__Aim of the task__: Repeat everything from the first line of the listing below through the line that contains "Im Keller befindet", exactly. Leave out pictures.

__Exercise data__:
--- START ---

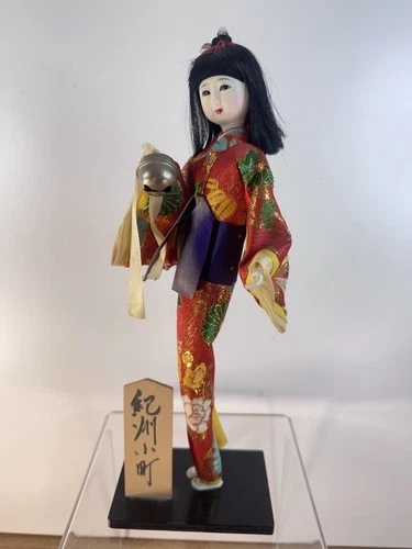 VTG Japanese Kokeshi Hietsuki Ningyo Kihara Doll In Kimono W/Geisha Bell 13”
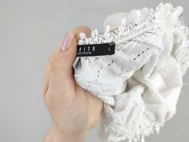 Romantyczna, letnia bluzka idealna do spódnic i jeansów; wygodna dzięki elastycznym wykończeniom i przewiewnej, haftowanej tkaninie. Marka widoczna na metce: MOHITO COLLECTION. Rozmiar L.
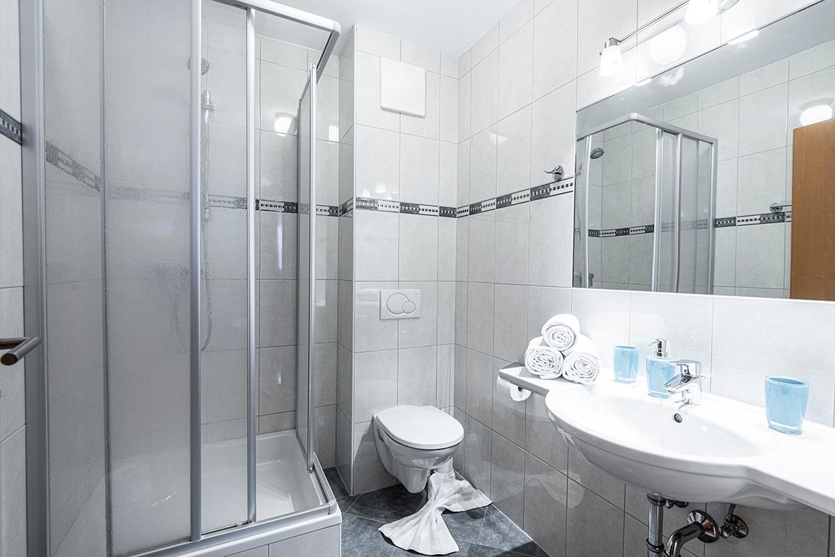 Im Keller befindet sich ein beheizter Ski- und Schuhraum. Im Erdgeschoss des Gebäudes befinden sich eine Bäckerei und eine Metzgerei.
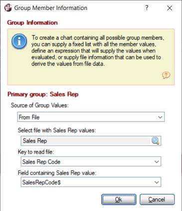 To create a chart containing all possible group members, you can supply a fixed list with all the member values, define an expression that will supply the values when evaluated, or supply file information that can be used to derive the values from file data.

--- END ---

__Your response__:
 VTG Japanese Kokeshi Hietsuki Ningyo Kihara Doll In Kimono W/Geisha Bell 13”
 Romantyczna, letnia bluzka idealna do spódnic i jeansów; wygodna dzięki elastycznym wykończeniom i przewiewnej, haftowanej tkaninie. Marka widoczna na metce: MOHITO COLLECTION. Rozmiar L.
 Im Keller befindet sich ein beheizter Ski- und Schuhraum. Im Erdgeschoss des Gebäudes befinden sich eine Bäckerei und eine Metzgerei.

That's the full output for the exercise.